# Rio or S.A. redfish taper



## laflyfish (Aug 29, 2010)

I was wanting to try a redfish specific taper of the two wich one is the best.


----------



## jrasband (Jul 12, 2010)

SA... had the RIO and broke it stretching it in the cold. Had nasty memory too and found myself stretching it more than fishing.


----------



## ifsteve (Jul 1, 2010)

I like the RIO and haven't had any issues with it but then I don't get to fish it much either. I just got a new SA redfish taper cold version for fishing next month. Reports on it sound great.


----------



## unknownbbq2 (Aug 24, 2010)

I have to say RIO, it does have quit abit of memory but i like it and shoots like a cannon on my 9wt.


----------



## Yoreese (Oct 15, 2009)

I have the SA Redfish in 7-9wt it's not bad but casting distance will suffer. The "NEW" Rio Bonefish blue/tan is a great compromise it loads the rod very well at short distance and doesn't slinky like the old tan version.


----------



## Shadowcast (Feb 26, 2008)

I have used both....like them both.....like the Orvis Wonderline Gen3 redfish taper the best.......

HOW DO WE GET THESE STUPID ADVERTISEMENTS OFF THE BOTTOM OF THE SCREEN!!???  I CAN'T SEE WHAT I AM TYPING! I don't want a chevy or any batteries!


----------



## Zoecinder (Jan 28, 2011)

I use both lines in 7 and 8 weights. I like the way that both cast but can tell you the Rio is not a colder weather line. I had it out in 50 degree weather a few weeks ago and could not get the coils out, no matter how much I stretched it. The SA cast much better in colder weather but does not seem to shoot as far on casts.


----------



## el9surf (Dec 23, 2008)

I have some new Rio Clouser line on the way. Although the water is probably too cold for it right now I'm anxious to give it a go as an all around line 9 months out of the year. I might lose a bit of distance compared to my current line, but I think it will turn over just about whatever I tie on to the end of the line.

The SA bonefish line I have on right now coils some but nothing that can't be worked with. Cast a mile but doesn't load all that quick.


----------



## Salty_South (Feb 25, 2009)

I have the SA redfish and I would rather cast wet yarn.... so my vote is rio.


----------



## ifsteve (Jul 1, 2010)

Got two new lines rigged yesterday for my trip coming up in three weeks.
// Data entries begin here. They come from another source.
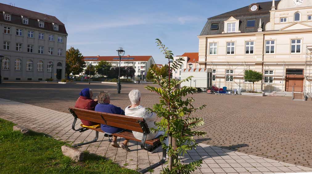 warum in Stavenhagen und Anklam und warum nicht in Demmin, wo am Markt sitzen kann unter Dachen und jederzeit.
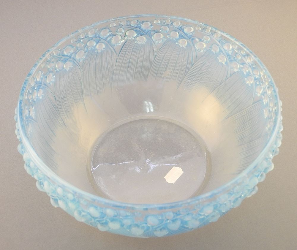 LOT 10 Rene Lalique Glass "Muguet-2" Blue Opalescent Glass Bowl, 4" x 9 1/2" Diameter. Estimate: $600 - $900 Sold For: $850 Auction Date: Tuesday, October 08 2024 at 4:00 PM
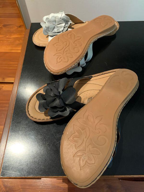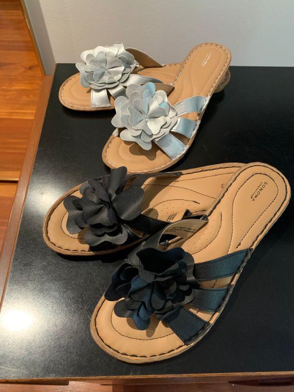 The same shoe in silver and in black. Flat sandals with flowers. Kohls brand. Size 8.5 Barely worn.
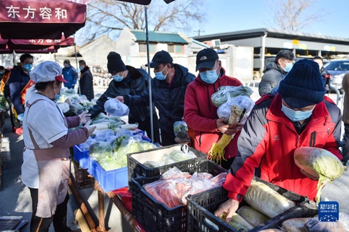 北京前門平房區(qū)居民在選購蔬菜(2020年3月13日攝)。新華社記者 彭子洋 攝
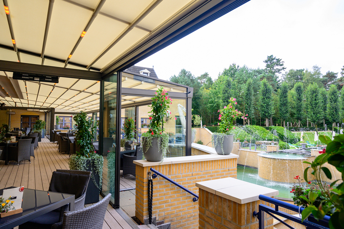 Bij het ontwerpen van de terrasoverkapping is rekening gehouden met het design van het pand en het bordes dat verspringt. De verspringing is de basis voor de segmentindeling. Per segment is het ook een optie om het vouwdak in gedeeltes in of uit te schuiven. Schaduw of zon op het terras of allebei door 1 deel van het dak in te schuiven en 1 deel uit te schuiven stellen de horecamedewerkers eenvoudig met de afstandsbediening in.
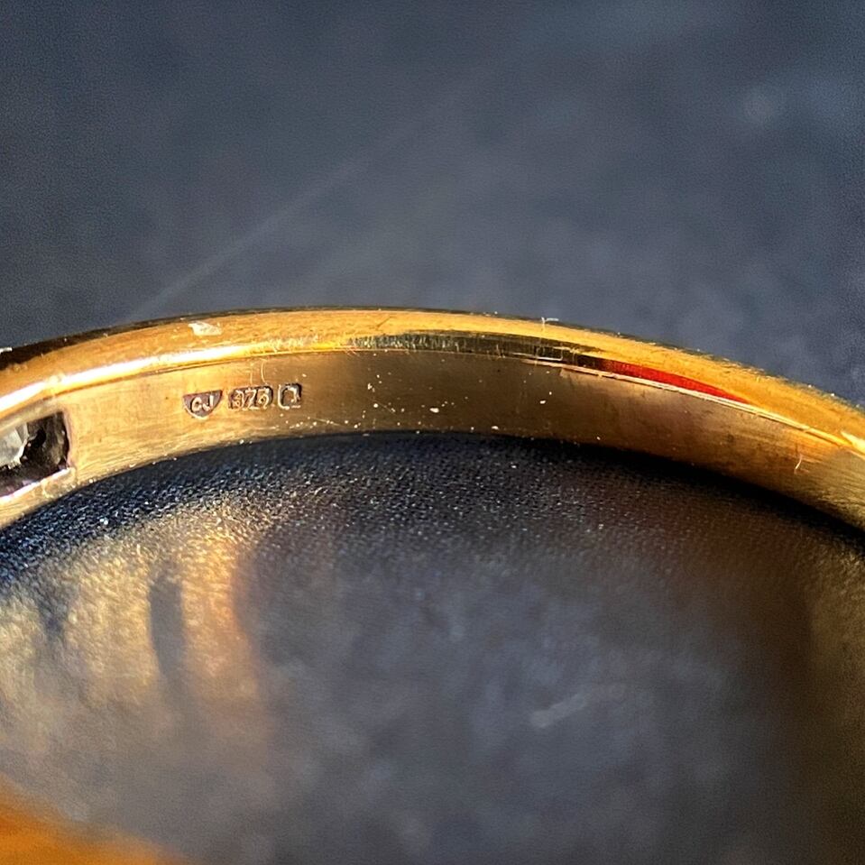 ダイヤモンドにはたくさんの細かいカットが施されているので、仕上がりがモザイクのような反射を作り出し、石が動いたときにキラキラとした他のカッティングにはない輝きを見られることが魅力の一つ、刻印がありますが、どちらの物か判別が出来ませんでしたが、仕入れ先は英国になります。

An SA Redfish coldwater 8 wt and a RIO Redfish 6 wt. The RIO has one significant advantage in my opinion and that is that is have welded loops on both ends of the fly line. The SA line doesn't come with loops on either end. Not a big deal but it is aggravating.


----------



## laflyfish (Aug 29, 2010)

The new SA redfish lines come with loops on both ends. That is one of the reasons why I am getting new lines. Do yall over line with these tapers? I am currently spooled up with SA mastery saltwater taper and I have to over line to get this taper to perform well on my rods.


----------



## ifsteve (Jul 1, 2010)

Well I got a "brand new" SA line from my local fly shop. The had to order it from SA and it did NOT come with any loops. If the new lines really do come with loops then I am pissed I got an older line. Not that big a deal but still.

As for over lining I would not over line a rod when using a redfish specific line. They have a very beefy front end to facilitate short casts and turnover for larger flies. I got my new lines in the normal rod weights. I will be down in the New Orleans area in three weeks fishing and looking around. Hopefully we will put them to the test.


----------



## laflyfish (Aug 29, 2010)

I was going off of SA's website and the boxes at BPS with the large redfish scale pattern they had the streamlined loop sticker on the box. I am tired of tying knots I like the loop to loop connections. Where will you be fishing when you come down?


----------



## ifsteve (Jul 1, 2010)

fishfoolsonny

Hope to fish several different areas - Buras, Port Sulphur, and Hopedale. Fished those areas in the past and did well in all those areas. Shoot the way the weather is up here ANY time on the water will be good. Forecast for the wind chill tomorrow night is -25 below. :'(


----------



## johnmauser (Sep 9, 2009)

Have thrown both, prefer the RIO. As far as overlining...it depends on your rod. My 8wt Axiom threw a 9wt redfish line better for me, my new 8wt BVK does better with an 8wt redfish line. You'll be okay either way.


----------